Please edit the question to limit it to a specific problem with enough detail to identify an adequate answer. — Community, Feb 05 '22 at 18:10

Royce Williams · Answer 1 · 2022-01-27T18:25:42.207

First, a disclaimer: Dictionary files of this size are usually so noisy - full of naive 'pass001', 'pass002', 'pass003' sequences that would be much more efficiently applied using rules on GPU instead - that you're better off studying how to use rules and other better alternatives. Further, the utility or time savings of removing such a relatively small list like RockYou from such a large one is probably limited.

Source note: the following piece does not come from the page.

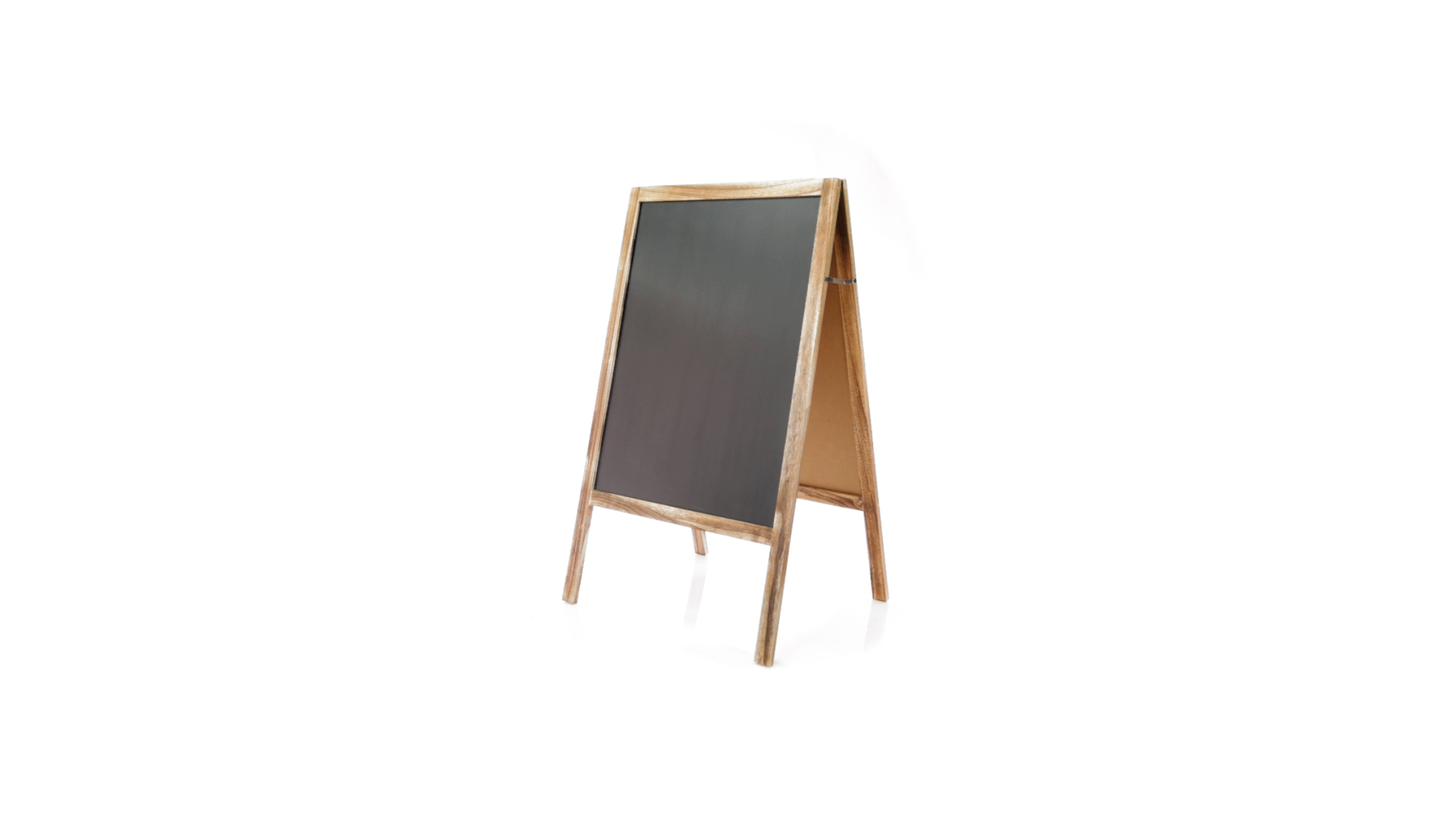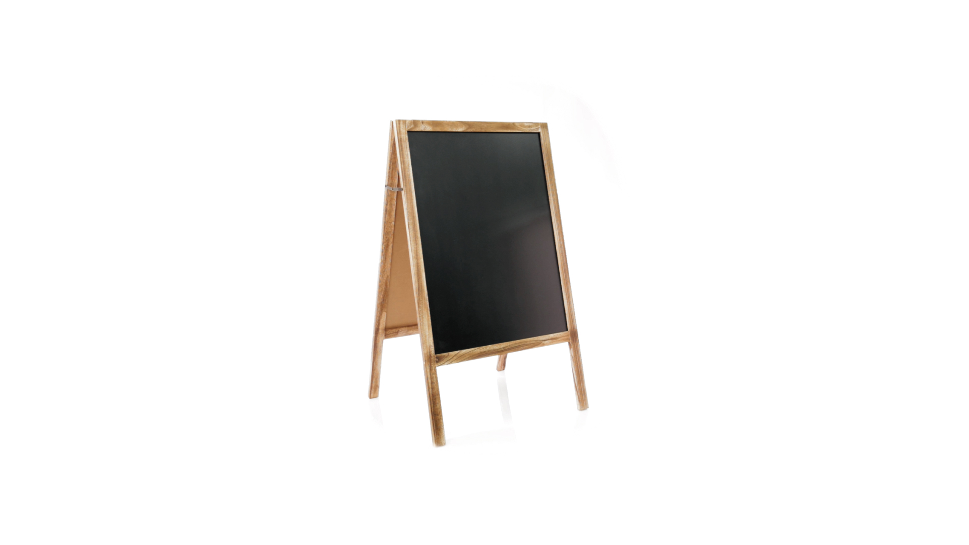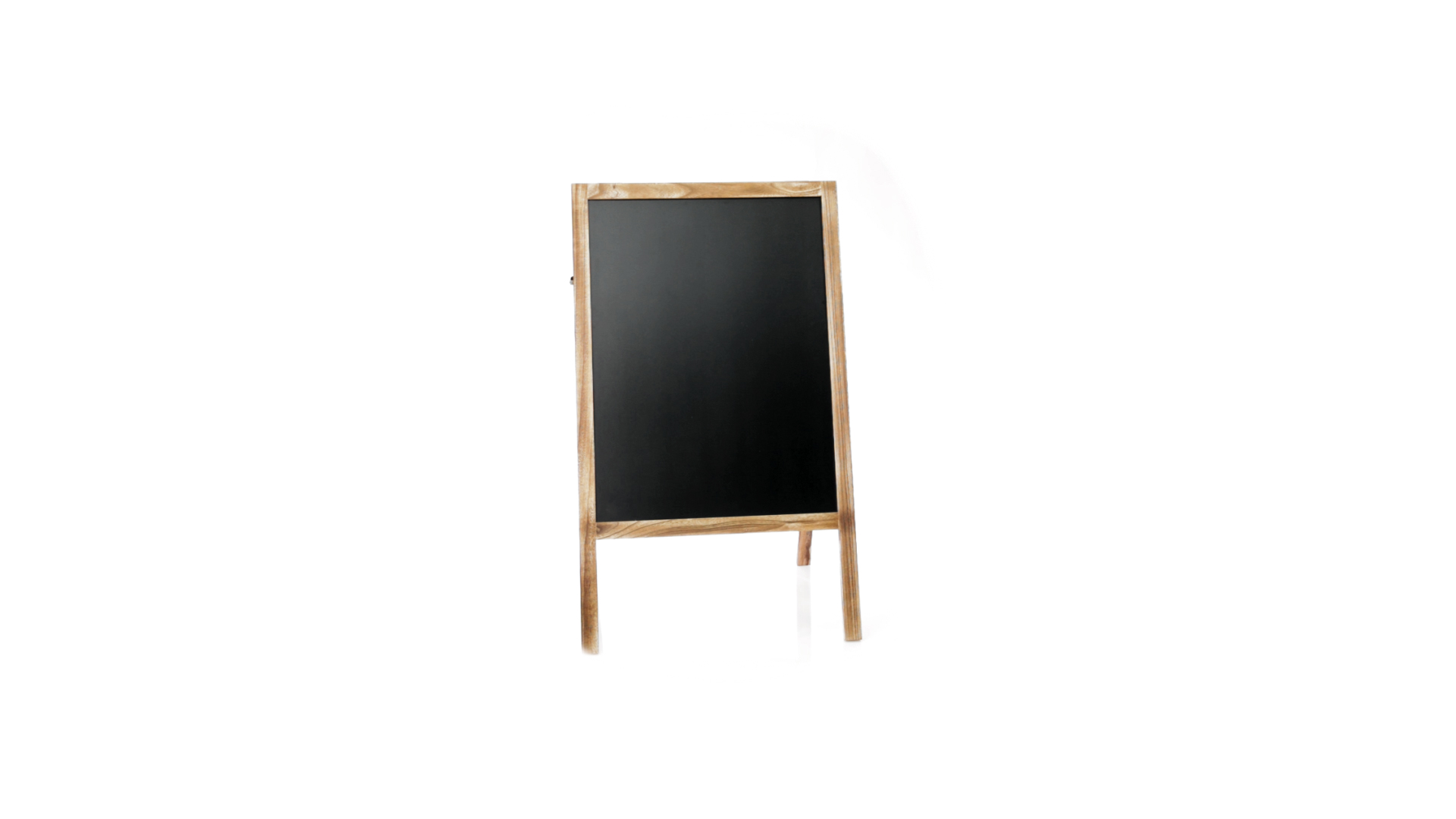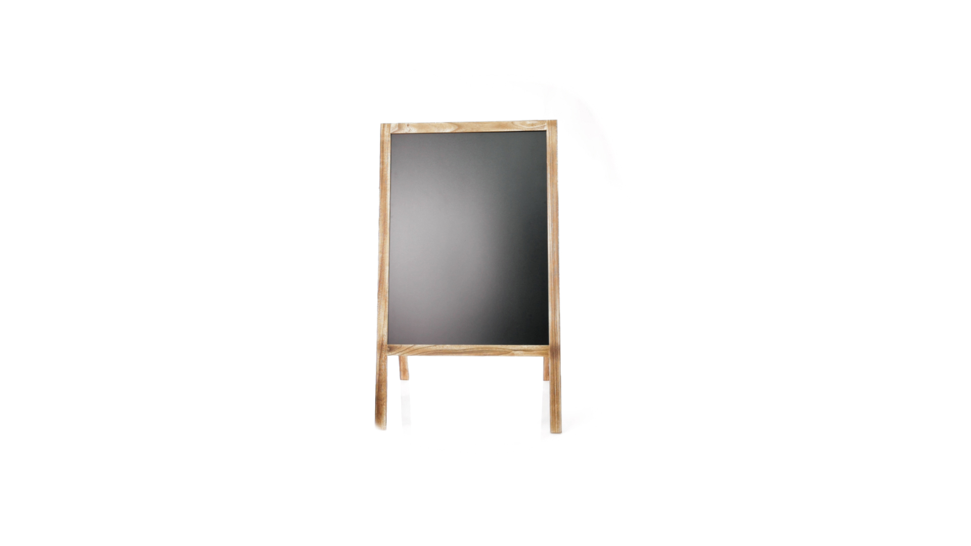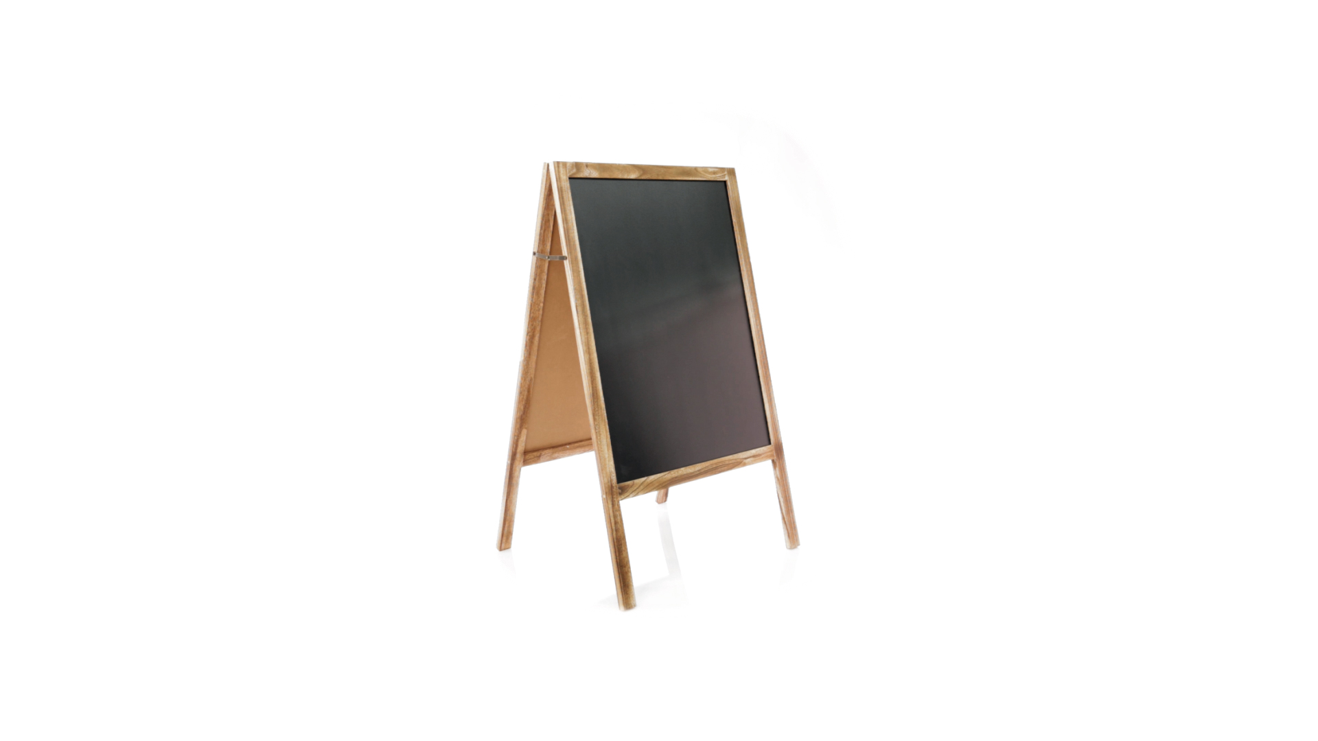 Mehrzwecktafel aus Holz. Passt in jede Umgebung und ist dank der Faltbarkeit leicht zu transportieren. Beidseitig grosse Schreibfläche mit einer Gesamtgrösse von 106 cm Höhe und 59 cm Breite. Präsentiert in einer Kraft-Design-Box.

But let's assume that the use case is still desirable. There is some complexity here, and the established solutions in the password-cracking practice have trade-offs between how much RAM you have and how much pre-processing you have to do, and there are differing opinions on the "best" way to do it:

With unsorted input files and unlimited RAM, you can simply use rling. But even with its slower -b option, an amount of RAM is needed that's larger than the target file. In practice, rling's write-temp-to-disk options (to work around having less RAM during processing) are currently less performant than alternatives. rling was otherwise expressly designed for this use case, and can even work for files of this size if you divide them into chunks first (more on that below).
With limited RAM, you can use split to split the file into small enough chunks to be processed within your available RAM (or a little over). You'll have to experiment a bit to find out the right file size, but a little less than 1/2 of your available RAM is often a reasonable starting point. For bonus benefits, simply leave your 164GB file in these smaller chunks - it will save you a lot of trouble by allowing all future analysis and attacks to run against the smaller files in series. Be sure to use split's -l/N option, to ensure that you're splitting between words/records and not breaking the file in the middle of words.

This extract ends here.